Flexible auto-scaling is a significant advantage for Patchworks users - it means you don't pay for a predetermined capacity that might only be required during peak periods, such as Black Friday.
Our flexible, auto-scaling architecture gives peace of mind by allowing you to start on your preferred plan, with the ability to exceed soft limits as needed. If you require more resources, you can transition to a higher tier seamlessly, or manage overages with ease.
Auto-scaling adjusts computing resources dynamically, based on demand - ensuring efficient, cost-effective resource management that's always aligned with real-time demand. The auto-scaling process breaks down into four stages:
At Patchworks, every process flow shape has its own microservice and its own Kubernetes pod(s). The diagram below shows how this works:
Metrics for Kubernetes pods are scraped from Horizon using Prometheus. These metrics are queried by KEDA and - when the given threshold is reached - auto-scaling takes place. This process is shown below:
Prometheus JSON exporter scrapes Horizon metrics for each Core microservice count.
Prometheus scrapes metrics from the JSON exporter.
KEDA queries Prometheus, checking if any Core microservice has reached the process threshold (set to 8).
If the process threshold is reached, KEDA scales the Core microservice pod.

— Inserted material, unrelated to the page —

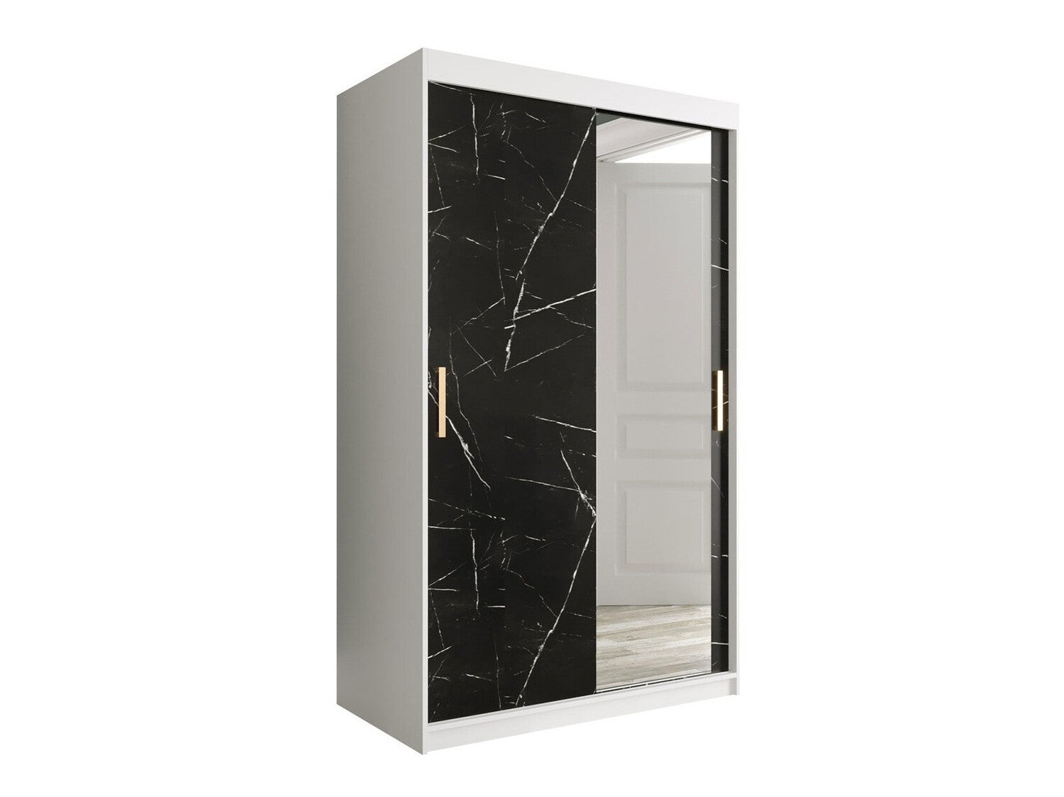 Gardróbszekrény 120 MARMUR T2 (Nemnnus T2 120), Szín: Matt fehér + Fekete márvány, Fiókok: Nem

The Kubernetes cluster auto-scaler monitors pods and decides when a node needs to be added. A node is added if a pod needs to be scheduled and there aren't sufficient resources to fulfill the request. This process is shown below:
The Kubernetes scheduler reads the resource request for a pod and decides if there are enough resources on an existing node. If yes, the pod is assigned to the node. If no, the pod is set to a pending
state and cannot start.
The Kubernetes auto-scaler detects that a pod cannot schedule due to a lack of resources.
The Kubernetes auto-scaler adds a new node to the cluster node pool - at which point, the Kubernetes scheduler detects the new node and schedules the pod on the new node.
The system continuously monitors traffic and resource usage (CPU, memory).
When usage exceeds predefined thresholds, the auto-scaler triggers.
Additional resources/pods are deployed to handle the increased load
When demand drops, resources are reduced to optimise costs.